Oh, sure, I am always open to feedback...
Is it true? Or is it hard to ask for and receive feedback? Even if we know it will have value, learning about ourselves is a risky business.

Coachability is a word that struck me the first time I heard it. It puts the responsibility on the client, not on the coach. I had to ask myself, how coachable am I really?

There's a huge variation in our learning strategies, especially in the arenas of communication and behavior. In school, we were taught many subjects. Only a fortunate few learned the most important thing: how to learn. Many of us learned instead to perform what was asked of us. As adults, we can revisit our learning strategies. We need to reclaim our ability to be self-directed learners who can also accept coaching from others.

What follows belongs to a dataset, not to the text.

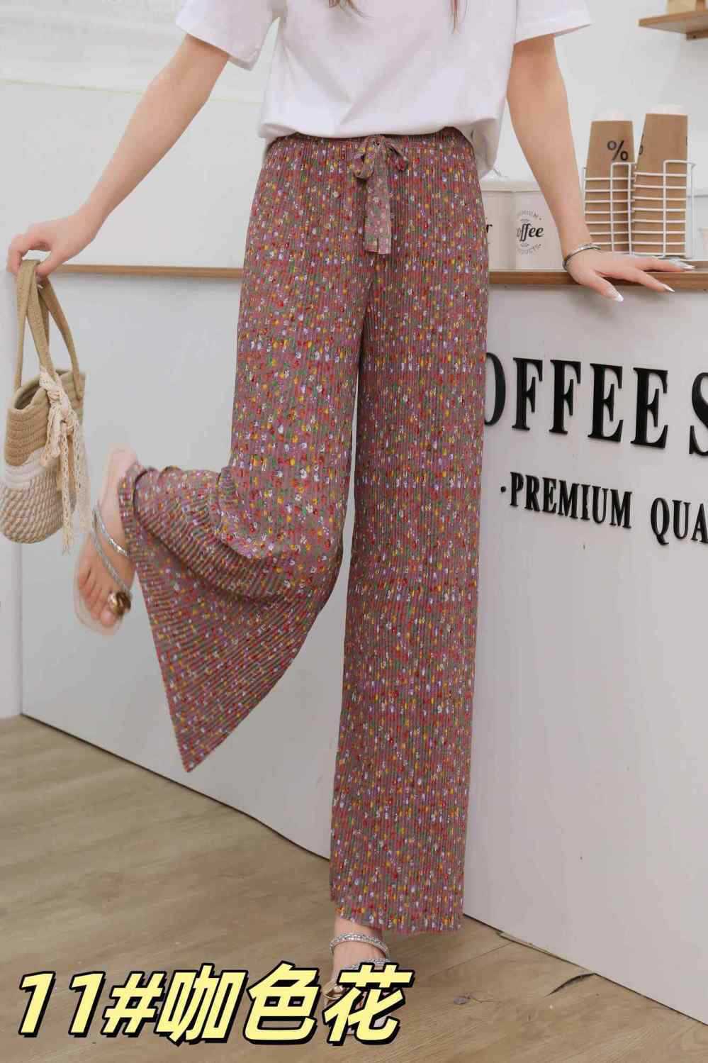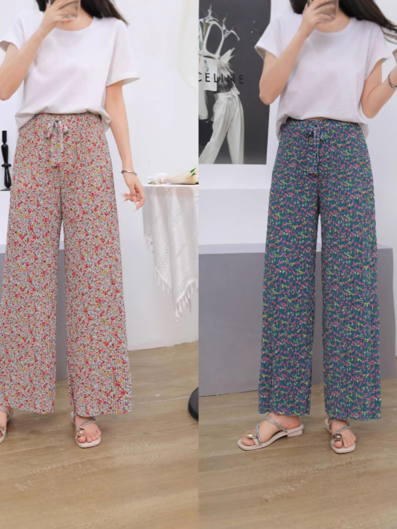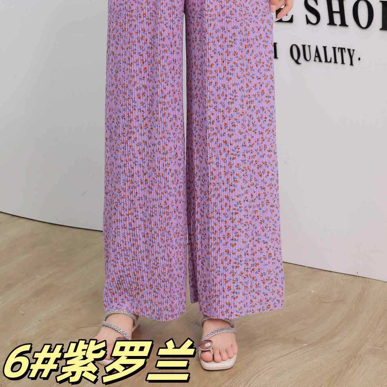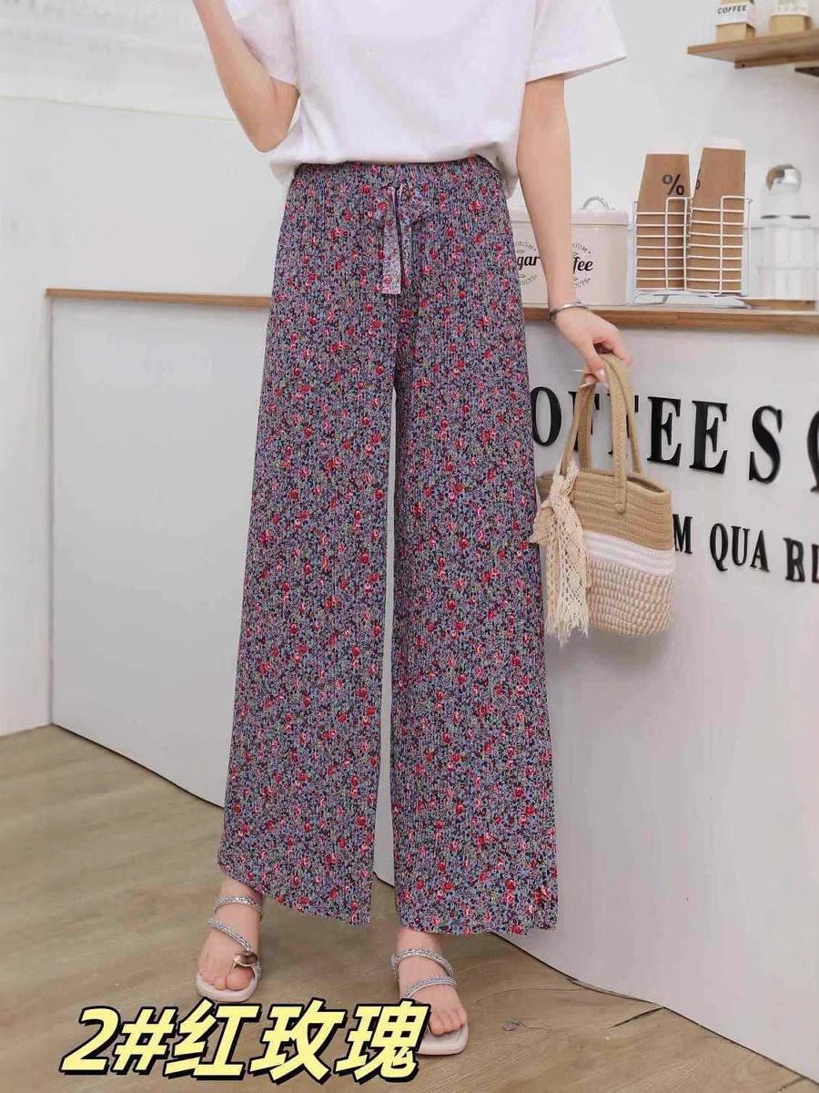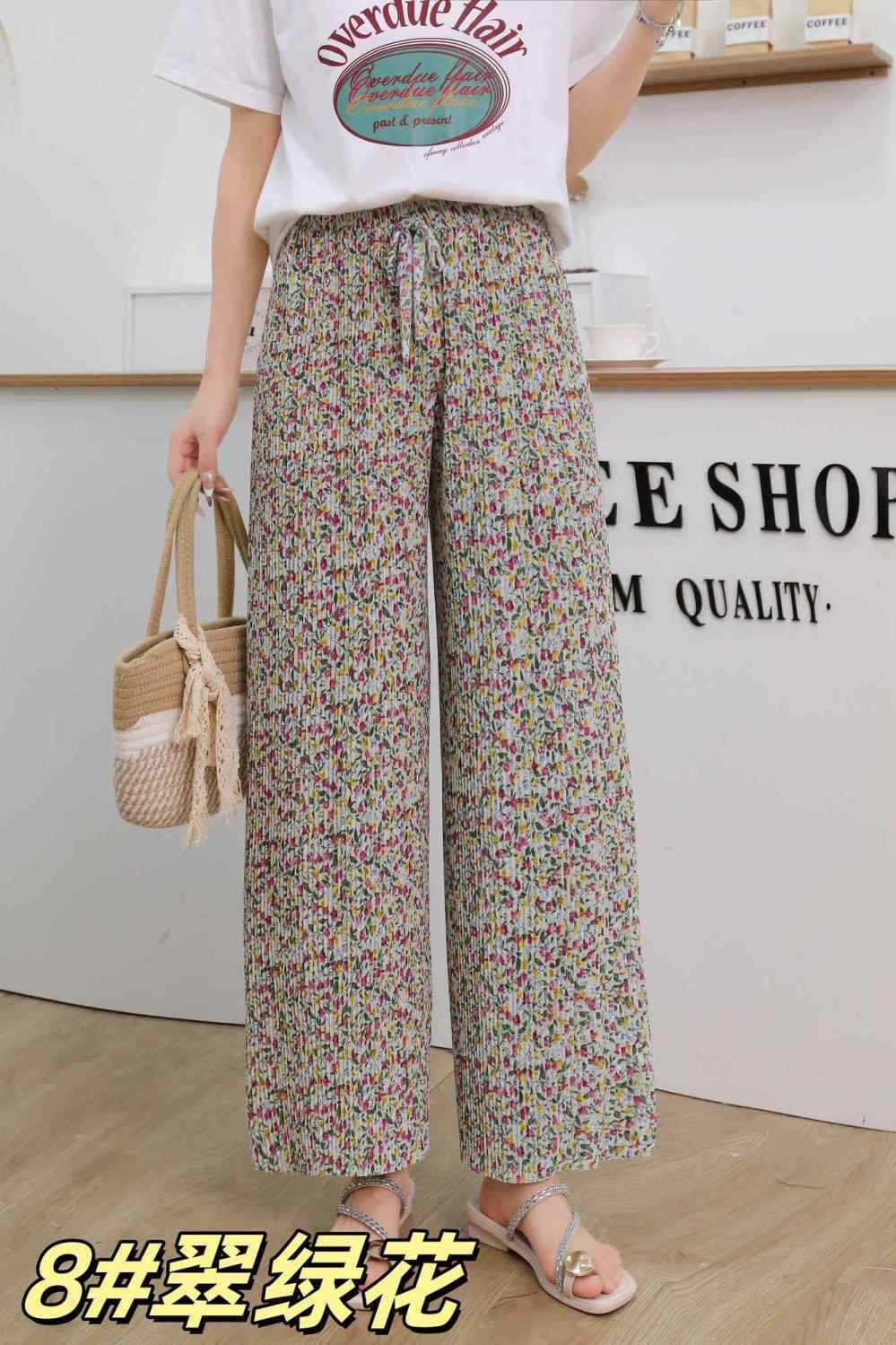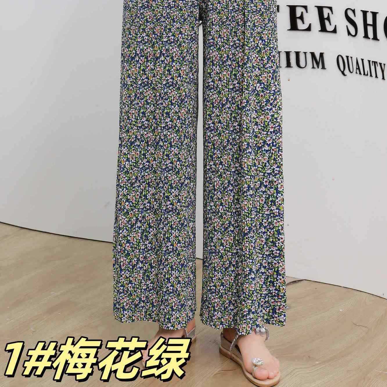 Корейские плиссированные широкие брюки из ледяного шелка с цветочным принтом, повседневные солнцезащитные пляжные крутые брюки, летние домашние прогулочные повседневные брюки

What distinguishes a good learning strategy?
It asks questions such as "How can I apply this?" rather than "Where won't this work?"

Good learning strategies assume that there is a positive intention behind most behavior rather than assuming that people who disagree must be irrational.

Outstanding learners go after feedback: they want to know more about how others respond to them and what they may be missing. Their strategies include not taking the feedback personally, a rare skill. If you can take it as being useful for you and as much about the person who is giving it as about you, you can glean much insight without umbrage.

A logical / analytical option is to use a tool known as an assessment instrument that yields data about workstyles, communication styles, perceptual biases, and so forth. (See the upcoming events column for a program on assessments happening this week in Silicon Valley).

Many of our non-coachable responses are invisible to us. For instance, when I first taught a Transactional Analysis 101 course, I was supervised by my mentor and dear friend Dr. Jo Lewis. As she gave me feedback, I felt I needed to respond to each item, either justifying what I had done or commenting in some way. When she pointed it out, it was glaring.

I was not very coachable, even though I professed to want the feedback (which, by the way, was very valuable). I don't know where I learned that pattern, and it was very helpful to become aware and stop doing that. Without someone to coach me into being a better learner, I wonder how long I would have hung onto it.

In our three-day seminars, we observe that some people come in with good learning strategies. Others spend the three days working through resistance and beginning to create new strategies. By the third day, hopefully, they are ready to learn.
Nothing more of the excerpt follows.